Serves: 12 as an appetizer

Inspired by: When I first decided to learn to cook, I started with all Armenian foods I had as a child. Although hummus wasn’t actually something I discovered until I was an adult, it seemed like one of the basics that I should know how to make and include in my “Mediterranean-themed” meals. I’ve come to love the simplicy of making it and how healthy it is as snack or appetizer with raw veggies.


  • 2 cans garbanzo beans (15 oz cans)
  • Juice of 1 to 1 ½ lemons (ideally, just a tiny bit more than ¼ cup)
  • 1-2 garlic cloves
  • ¼ – 1/3 cup Tahini
  • ½ to ¾ cup water (usually needs at least ¾ cup)
  • ¼ teaspoon cumin
  • ¼ teaspoon cayenne (can add up to 3 teaspoons of cayenne to make a very spicy hummus)
  • Salt to taste (usually between 1/4 and 1/2 teaspoon)
  • Garnish: light olive oil, paprika and parsley


  • Drain garbanzo beans and rinse well in colander.
  • Blend garbanzo beans, lemon juice, garlic, Tahini, 1/2 cup water and spices in food processor until smooth and to your desired thickness.
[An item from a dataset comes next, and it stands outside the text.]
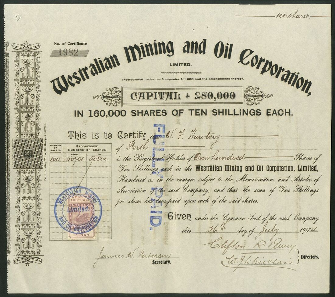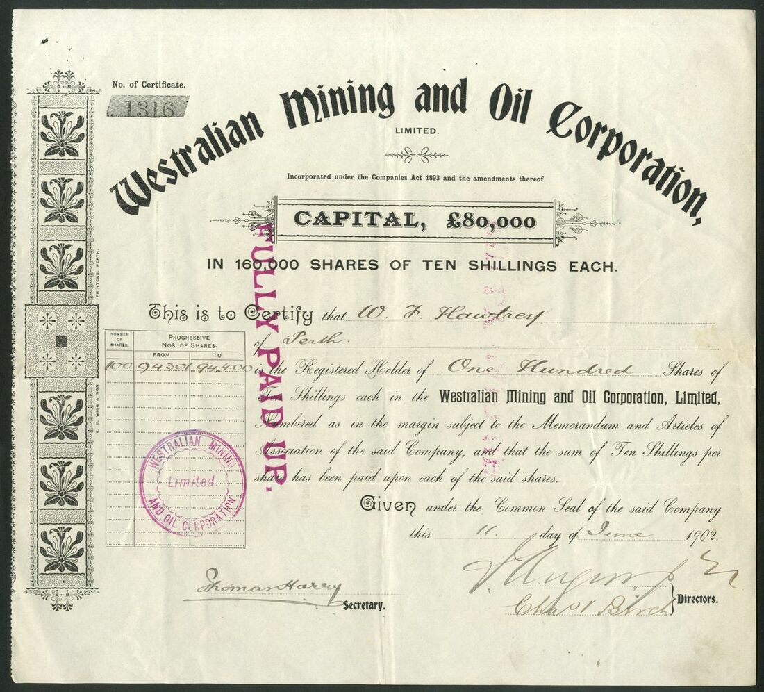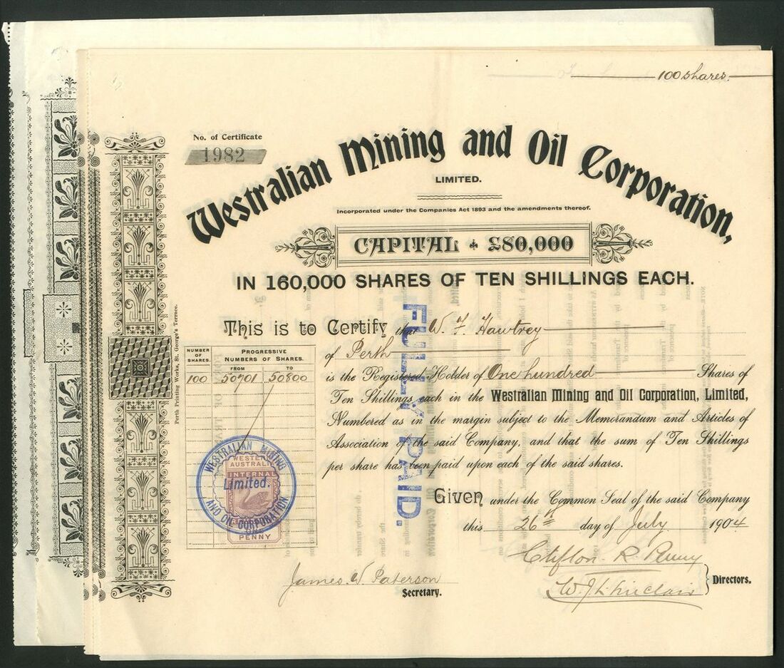 Australia: Westralian Mining and Oil Corporation Limited, a series of certificates for 10/- shares, 1902, 2 examples and 1904, 12 examples, different designs in black, local adhesive revenue stamps on the latter. Drilled in the Warren River District, Perth Basin between 1902 and 1904 but was out of business in the following year. VF and better (14).

Add salt to taste – usually at least ¼ teaspoon. Add additional water a little bit at a time until it is your desired consistency.
  • Serve in a low, wide dish. Drizzle with a high-quality olive oil and sprinkle with paprika. If available, garnish with parsley.

Wine Suggestions: A crisp white or light red. If go heavier on the garlic, a light red such a Spanish Rioja is perfect. If you go really spicy, then a medium-bodied, spicier Syrah-Grenache based Southern Rhone could be nice or even an off-dry white to balance the flavors.